#### What to work on:
No pictures belong in the copy. Set down exactly the lines from the one that contains "Welt muss ein" through the end of the data.

-------- Given data --------

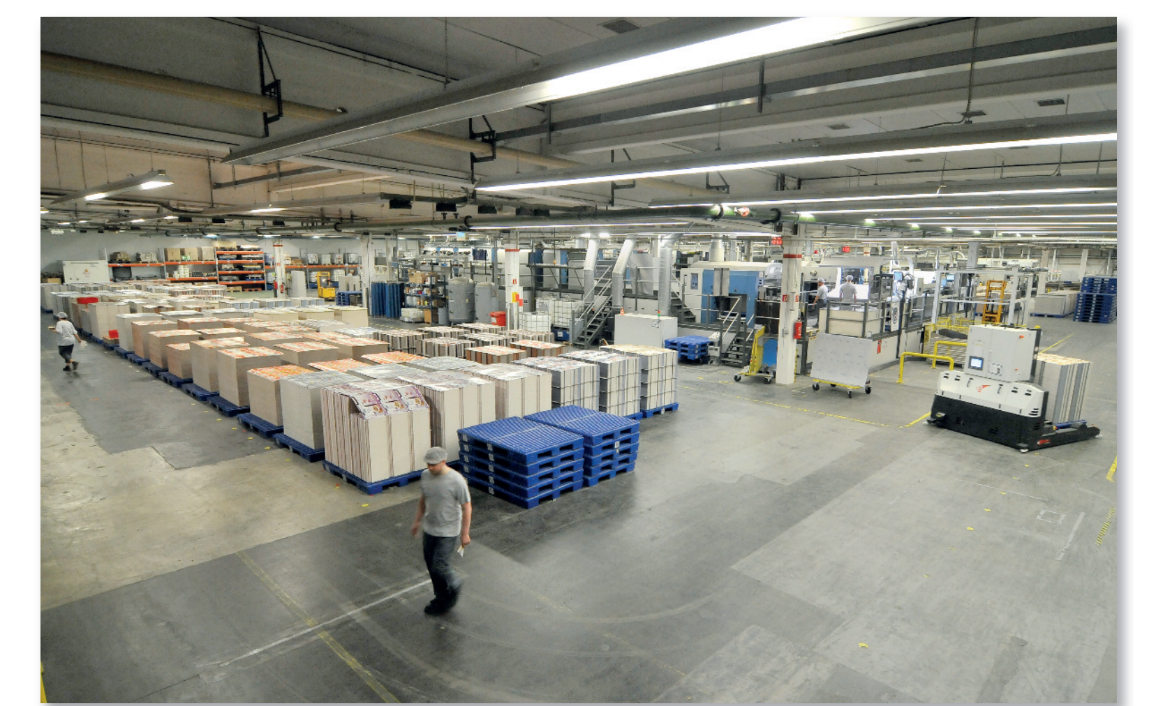
Blick in die Produktion

Welt muss ein Produkt darüber hinaus gut stapelbar sein und verschiedensten Belastungen standhalten. Ohne Verpackungen, wie wir sie heute kennen, wäre die industrielle Fertigung von Produkten nicht möglich. Besonders Lebensmittel können ohne geeignete Verpackung nicht gelagert, transportiert oder verkauft werden. Zusätzlich ist die Verpackung ein wichtiger Informationsgeber, z.B. zu Inhaltsstoffen sowie Gefahren- und Gebrauchshinweisen. Immer wichtiger werden zudem ein interessantes Design, ansprechende Farben und fehlerfreie Druckbilder sowie eine nachhaltige Produktion.
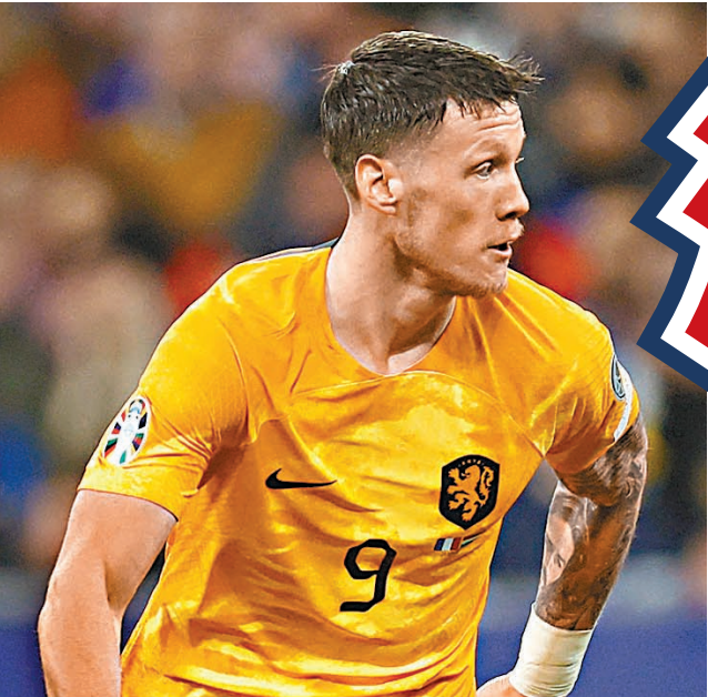
◆韋格賀斯是荷軍的高空轟炸攻擊點。資料圖片

--------

#### Output for this exercise:
Welt muss ein Produkt darüber hinaus gut stapelbar sein und verschiedensten Belastungen standhalten. Ohne Verpackungen, wie wir sie heute kennen, wäre die industrielle Fertigung von Produkten nicht möglich. Besonders Lebensmittel können ohne geeignete Verpackung nicht gelagert, transportiert oder verkauft werden. Zusätzlich ist die Verpackung ein wichtiger Informationsgeber, z.B. zu Inhaltsstoffen sowie Gefahren- und Gebrauchshinweisen. Immer wichtiger werden zudem ein interessantes Design, ansprechende Farben und fehlerfreie Druckbilder sowie eine nachhaltige Produktion.
◆韋格賀斯是荷軍的高空轟炸攻擊點。資料圖片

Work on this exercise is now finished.